My Soul. I summon to the winding ancient stair;
Set all your mind upon the steep ascent,
Upon the broken, crumbling battlement,
Upon the breathless starlit air,
'Upon the star that marks the hidden pole;
Fix every wandering thought upon
That quarter where all thought is done:
Who can distinguish darkness from the soul

My Self. The consecretes blade upon my knees
Is Sato's ancient blade, still as it was,
Still razor-keen, still like a looking-glass
Unspotted by the centuries;
That flowering, silken, old embroidery, torn
>From some court-lady's dress and round
The wodden scabbard bound and wound
Can, tattered, still protect, faded adorn

My Soul. Why should the imagination of a man
Long past his prime remember things that are
Emblematical of love and war?
Think of ancestral night that can,
If but imagination scorn the earth
And intellect is wandering
To this and that and t'other thing,
Deliver from the crime of death and birth.

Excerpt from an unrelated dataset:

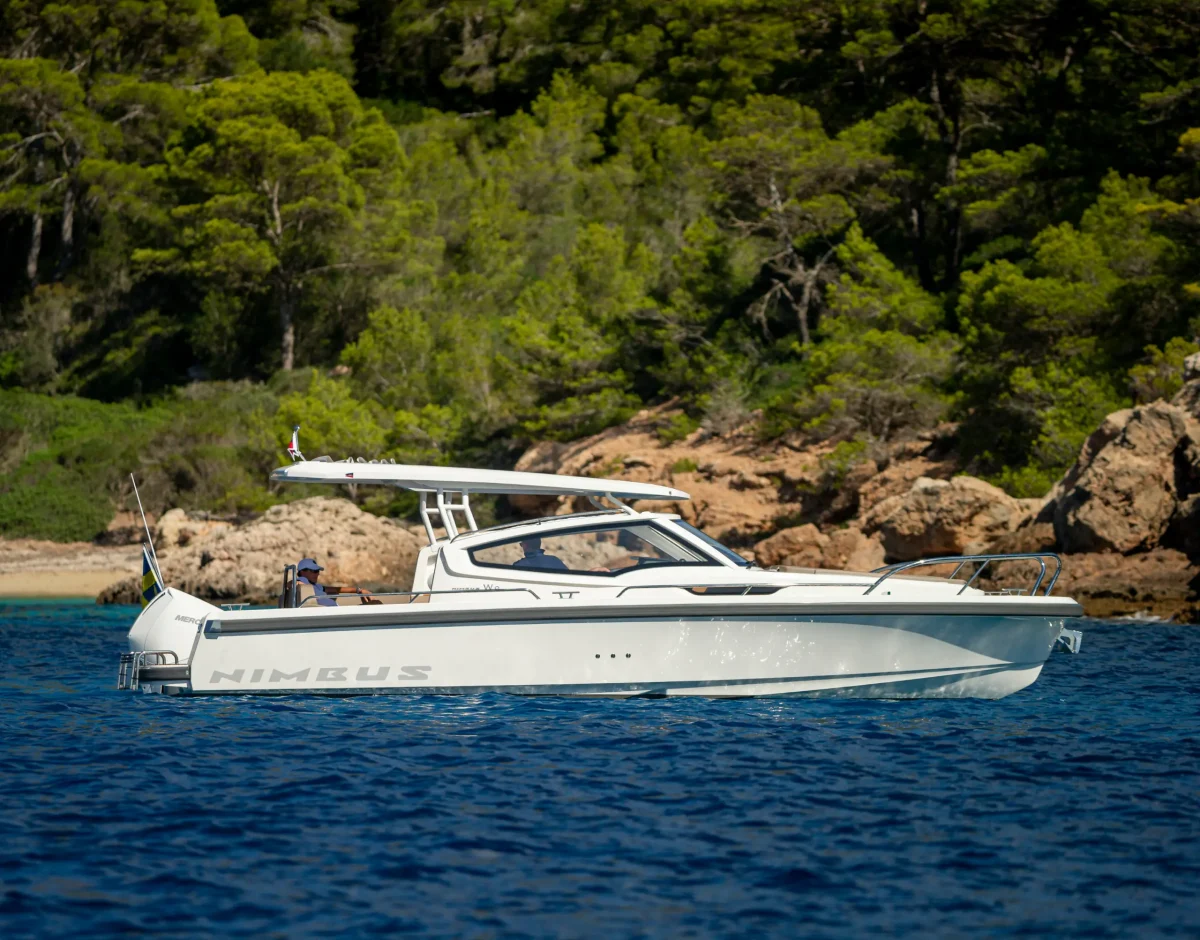 The W12 features the new Targa version with canopy in the style of the iconic Nimbus 32 Ballista, bringing heritage design into modern functionality. The starboard side balcony creates openness and flow for relaxation and entertaining.
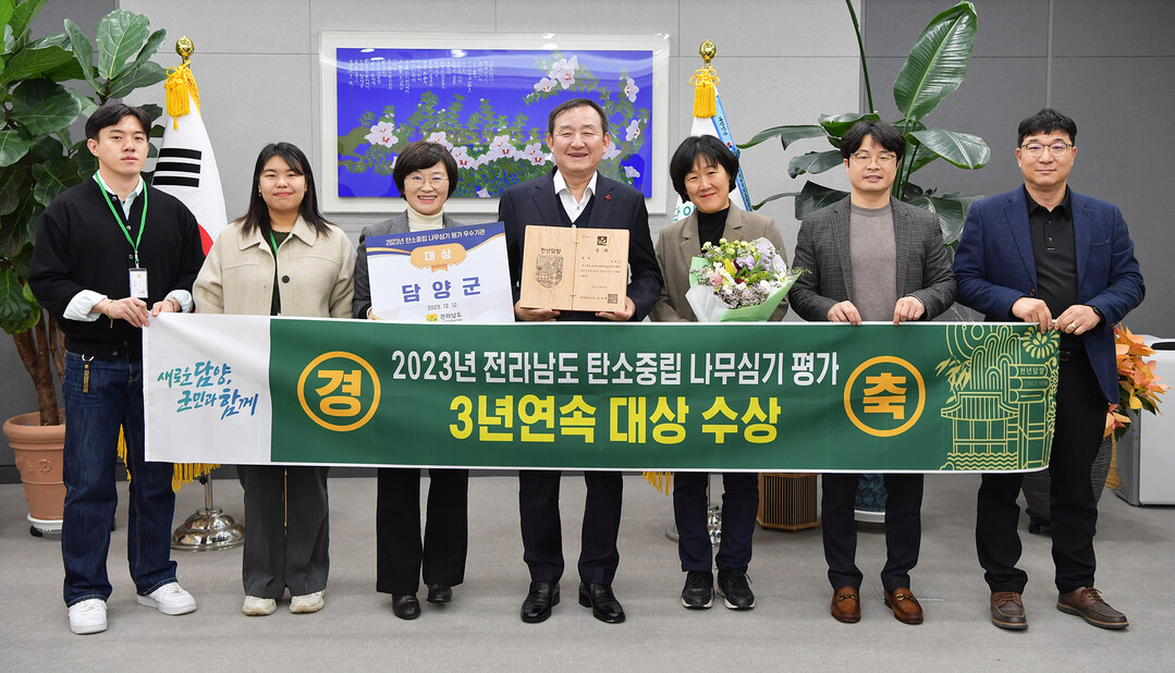 전남 담양군이 전라남도가 주관하는 2023년 탄소중립 나무심기 평가에서 3년 연속 대상을 받는 쾌거를 거뒀다.

My Self. Montashigi, third of his family, fashioned it
Five hundred years ago, about it lie
Flowers from I know not what embroidery -
Heart's purple - and all these I set
For emblems of the day against the tower
Emblematical of the night,
And claim as by a soldier's right
A charter to commit the crime once more.

My Soul. Such fullness in that quarter overflows
And falls into the basin of the mind
That man is stricken deaf and dumb and blind,
For intellect no longer knows
Is from the Ought, or knower from the Known -
That is to say, ascends to Heaven;
Only the dead can be forgiven;
But when I think of that my tongue's a stone.

II

My Self. A living man is blind and drinks his drop.
What matter if the ditches are impure?
What matter if I live it all once more?
Endure that toil of growing up;
The ignominy of boyhood; the distress
Of boyhood changing into man;
The unfinished man and his pain
Brought face to face with his own clumsiness;

The finished man among his enemies? -
How in the name of Heaven can he escape
That defiling and disfigured shape
The mirror of malicious eyes
Casts upon his eyes until at last
He thinks that shape must be his shape?
And what's the good of an escape
If honour find him in the wintry blast?

I am content to live it all again
And yet again, if it be life to pitch
Into the frog-spawn of a blind man's ditch,
A blind man battering blind men;
Or into that most fecund ditch of all,
The folly that man does
Or must suffer, if he woos
A proud woman not kindred of his soul.

I am content to follow to its source
Every event in action or in thought;
Measure the lot; forgive myself the lot!
When such as I cast out remorse
So great a sweetness flows into the breast
We must laugh and we must sing,
We are blest by everything,
Everything we look upon is blest.




Pointsman and Blicero are excellent of example of this perverse
blending of science and cult.
Both are, as are most of P's characters, on a quest.

What they are looking for is lost.

Henry Adams & the Moderns flushed it all down into the Waste.

In the Waste stumble about oblivious to this fact, so they are
constantly with keys without locks or locks without keys.